Le Premier ministre kosovar Albin Kurti est dans le même cas que la plupart des participants de haut rang au WEF: son agenda est plein à craquer. Mardi après-midi, avant qu'il ne se précipite pour rencontrer la Première ministre finlandaise Sanna Marin, Blick l'a rencontré pour une interview. Peu avant, son porte-parole a précisé la condition: une seule question sur la Serbie, s'il vous plaît. Le Premier ministre préfère parler des relations du Kosovo avec la Suisse. On se met finalement d'accord sur quelques questions concernant la Serbie - car c'est bien sûr ce qui intéresse, au vu des derniers développements au Kosovo.

Monsieur Kurti, le risque d'une escalade dans le nord du Kosovo est-il écarté?

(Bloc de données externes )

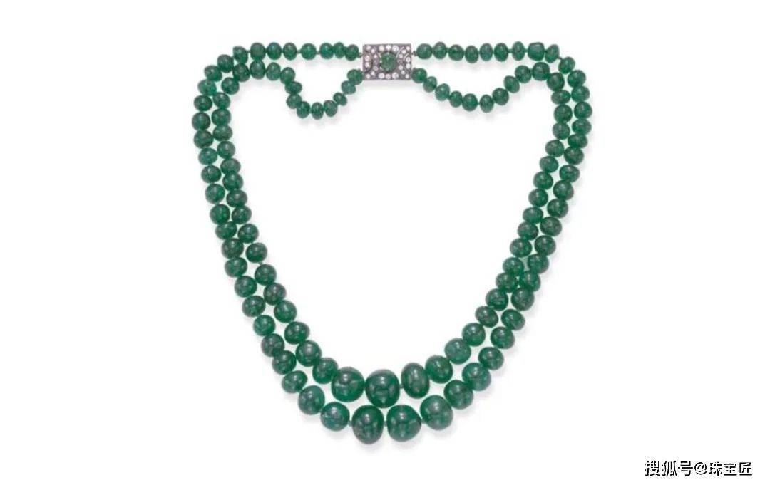 下面这条双股的祖母绿项链,绝对是当时难得一见的珍藏品。

Pour l'instant, la situation est calme, notre police est présente. Et j'ai récemment lancé un appel public à tous les Serbes du Kosovo pour qu'ils postulent à des postes dans la fonction publique, par exemple dans la police. Ceci après que des fonctionnaires serbes aient démissionné après les tensions dans le nord du Kosovo. Il n'est pas dans mon intention de remplacer les Serbes par des Albanais dans les administrations! Je veux des Serbes à ces postes.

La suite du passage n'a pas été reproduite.